TASK STATEMENT: Only the lines from the one bearing "illustration (December 2025)" through the end of the listing belong in your response, restated word for word and without pictures.
======== DATA BELOW ========
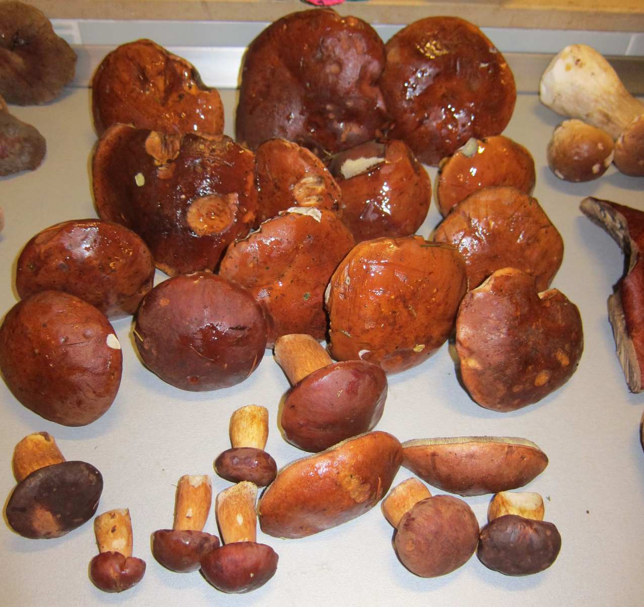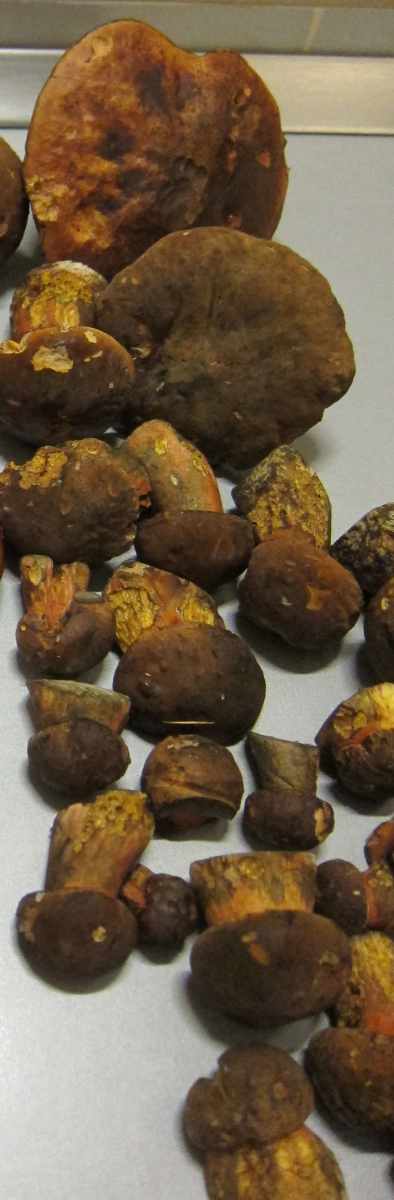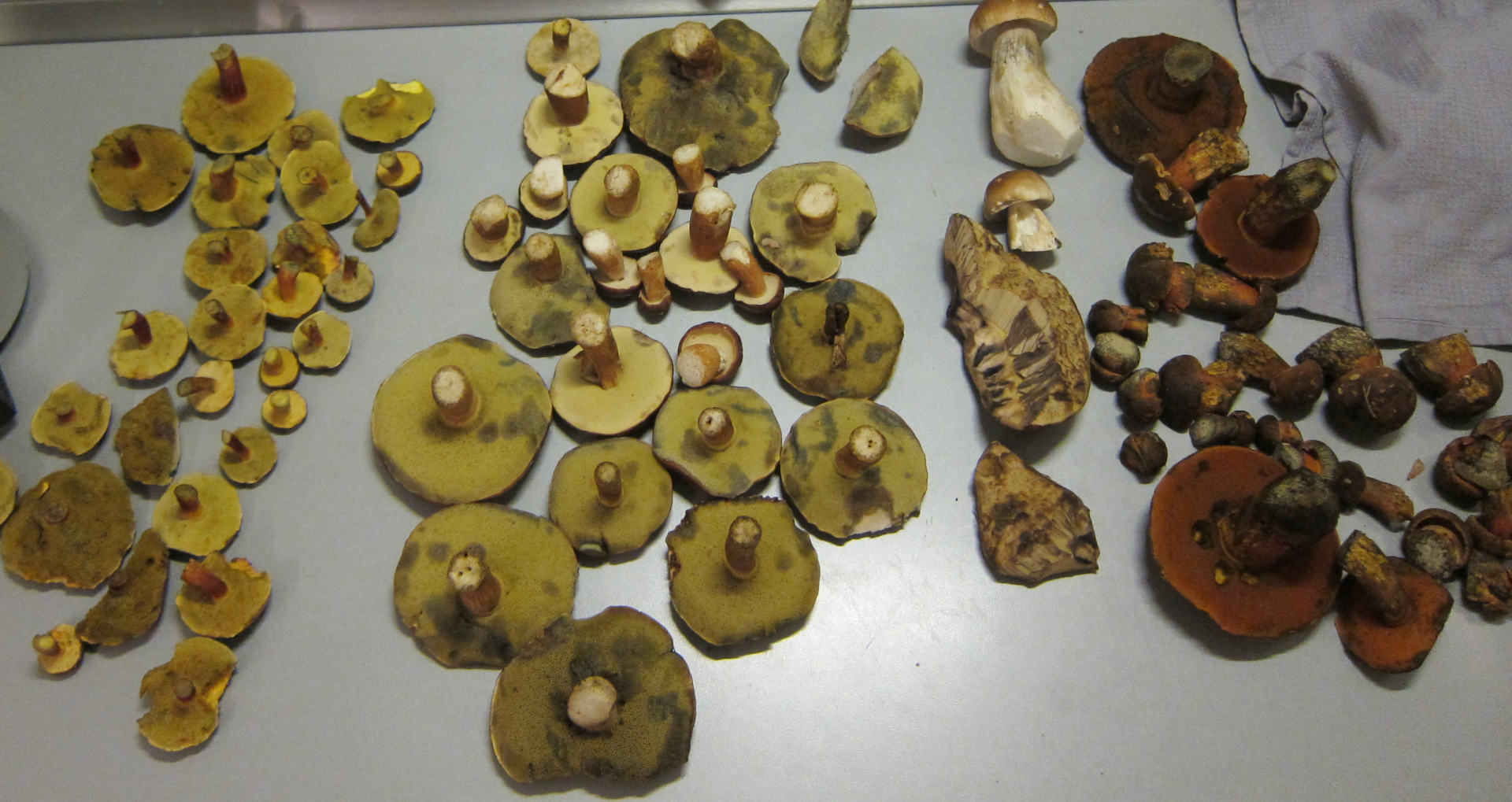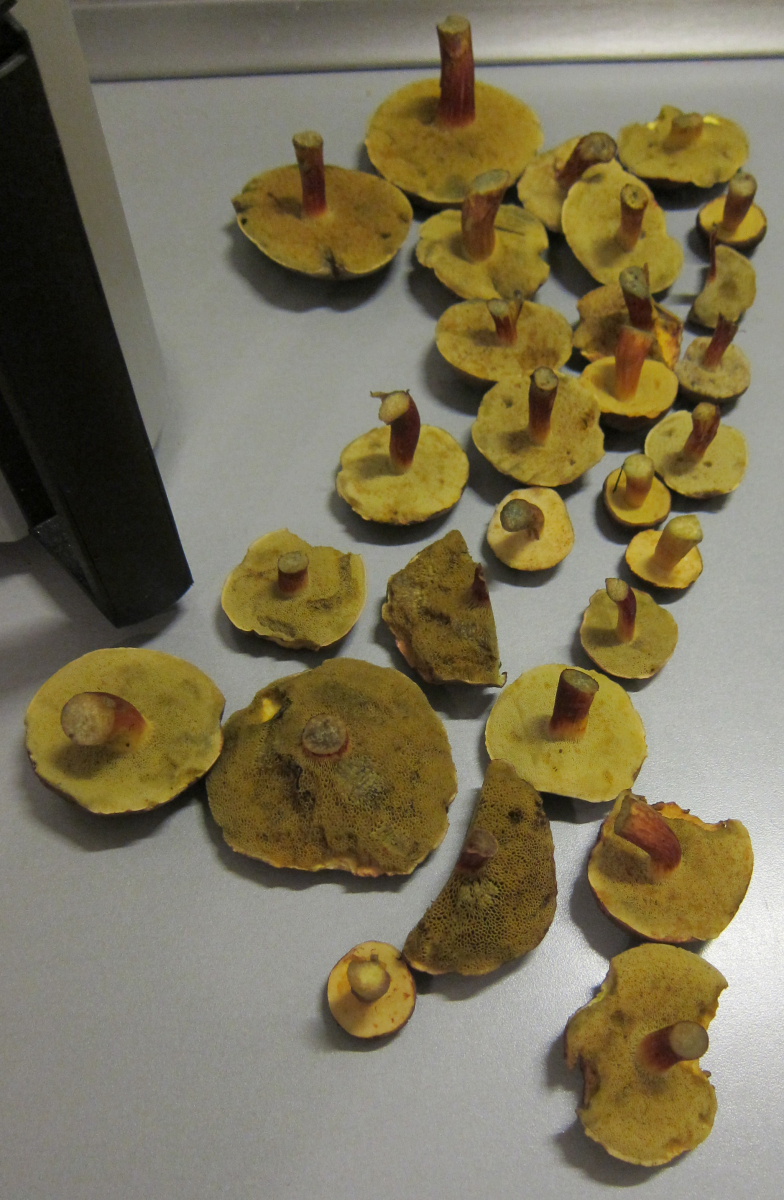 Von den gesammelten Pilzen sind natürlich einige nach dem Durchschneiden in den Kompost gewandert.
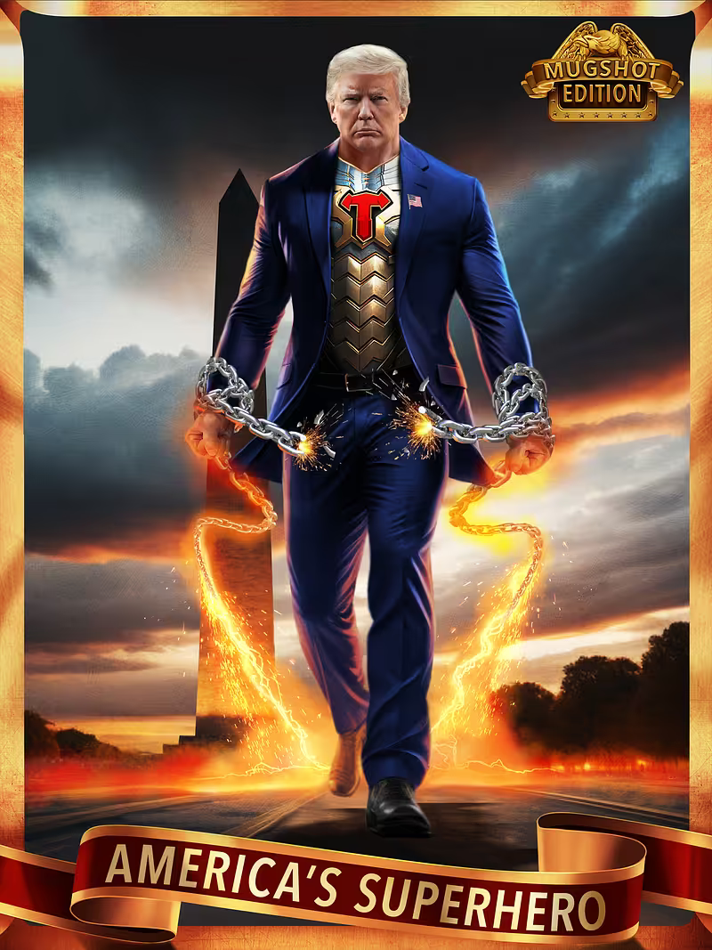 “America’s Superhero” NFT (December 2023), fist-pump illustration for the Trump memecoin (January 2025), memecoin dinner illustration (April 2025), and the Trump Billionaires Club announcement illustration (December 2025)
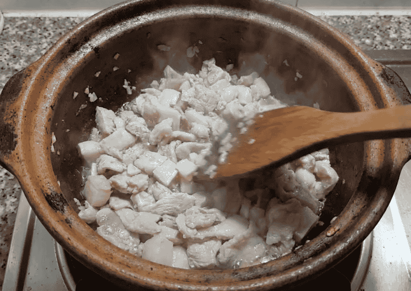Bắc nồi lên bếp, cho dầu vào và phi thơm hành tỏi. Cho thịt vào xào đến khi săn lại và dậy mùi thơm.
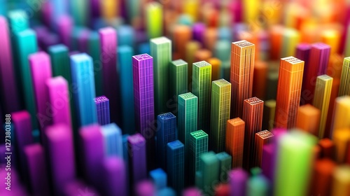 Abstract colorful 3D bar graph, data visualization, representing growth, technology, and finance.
========
ANSWER BOX:
 “America’s Superhero” NFT (December 2023), fist-pump illustration for the Trump memecoin (January 2025), memecoin dinner illustration (April 2025), and the Trump Billionaires Club announcement illustration (December 2025)
Bắc nồi lên bếp, cho dầu vào và phi thơm hành tỏi. Cho thịt vào xào đến khi săn lại và dậy mùi thơm.
 Abstract colorful 3D bar graph, data visualization, representing growth, technology, and finance.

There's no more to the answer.